Description
1929 Series $10 FIRST NATIONAL BANK OF GALLITZIN, PENNSYLVANIA. SERIAL A000426
CHARTER #14181 TYPE #2
One of #3 Small size known in the census for this Cambria County Bank. #0 Large Size.
We graded this one as Very Good to Fine condition. It has some splits from wear and a pen ink notation on the back reading “pulled from circulation in 1943,” but it’s still intact with plenty of body left. This note would now be the third known in the census, alongside the only other two small-size notes—a $5 and a $20—both also graded VG. A rare national from the middle of the state, with just two others known and no large-size examples.
By the early 1700s, the Delaware people still living along the eastern seaboard were increasingly treated as bad or worse than slaves, and displaced clear across the breadth of Pennsylvania to beyond the Allegheny Front, where they settled along the rivers of Western Pennsylvania. One of their larger settlements, and closest to the gaps of the Allegheny, was the Amerindian town of Kittanning along the middle reaches of the Allegheny River. These towns would generally ally themselves with the French during the French and Indian War, causing settlers in central Pennsylvania to mount a guard and patrol on the gaps.

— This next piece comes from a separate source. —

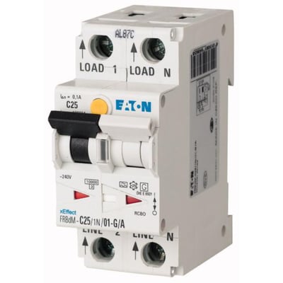 Kombirelæ FRBDM-C20/1N/003-G/A fra Eaton. 20 A, 30 mA, MCB karakteristik: C, 1p+N, RCD karakteristik: A.

By the late 1700s, the remnant Seneca and Cayuga that became known as the Ohio Iroquois or Mingo would have ranged the area, especially because they were known to make their towns along defensible hill tops and kept to the uplands. With iron and coal discovered west of the gaps, white settlers began traveling west through the area around the time the American Revolution came to a close. By 1824, the visionary Main Line of Public Works legislation had been debated and signed and the construction of the Allegheny Portage Railroad soon began aiming to connect Pittsburgh and the Ohio Country to Philadelphia by canals. In 1838, this plan was altered to incorporate the rapidly-developing and ever more capable railroad technology. In 1845, the Pennsylvania legislature required the new Pennsylvania Railroad to cross the mountains, and the surveyed route would create Gallitzin, which began life as ‘Summit Tunnel’.